Стокгольм ответил приглашением магистра Петри. Веттерманы быстро собрались и выехали в столицу королевства. Иоганн оставил Агнес в доме Нильссонов или, правильнее сказать Бальфоров, где их приняли с радостью, и не спеша направился в Стуркюрка на встречу с королевским советником, на ходу выстраивая предстоящий диалог.

- В чем причина вашей просьбе о приезде? О чем вы можете сообщить мне лично, что нельзя передоверить письму? – Прозвучали первые вопросы Олауса Петри.

- Видите ли, достопочтимый господин советник, у меня есть определенные подозрения, что наша с вами переписка… - Иоганн не договорил, но Петерссон понял его мысль и завершил фразу вопросом:

- Ганза?

Пастор пожал плечами, предоставив советнику самому строить предположения и делать выводы.

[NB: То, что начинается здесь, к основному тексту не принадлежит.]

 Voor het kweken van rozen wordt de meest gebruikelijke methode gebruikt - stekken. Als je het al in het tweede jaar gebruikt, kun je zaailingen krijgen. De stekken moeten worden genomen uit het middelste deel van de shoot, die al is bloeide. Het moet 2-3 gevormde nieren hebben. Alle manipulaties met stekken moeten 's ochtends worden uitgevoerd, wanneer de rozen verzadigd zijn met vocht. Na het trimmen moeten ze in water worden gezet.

- Ганза! Более, чем уверен. Они ревниво следят за нами, пытаясь сохранить монополию торговли с московитами, а наш король вытесняет их отсюда и хочет, чтобы Русь разрешила открыть в Новгороде нам свой собственный шведский двор. Так что вы хотите мне сообщить?

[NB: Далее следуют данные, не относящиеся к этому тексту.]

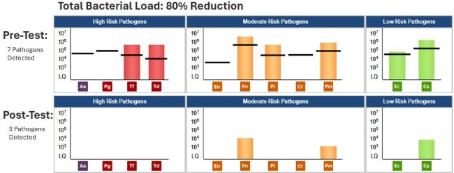 This pandemic has taken a toll on several of our patients. I am grateful when they return for care even if I expect most to need our help to become healthier. This case study is an example of what can be achieved with the partnership of the patient to provide appropriate home care and personalized periodontal therapy based on clinical lab results from OralDNA® Labs.

- У меня была встреча с новгородским архиепископом Макарием.

- Вот как? – Это известие произвело должное впечатление. – Они же нас считают еретиками… - Петерссон прищурился, пристально всматриваясь в Веттермана и вытянув вперед свои жилистые мужицкие руки, забарабанил пальцами по столу. – Отчего вдруг он решил встретиться со священником Реформации?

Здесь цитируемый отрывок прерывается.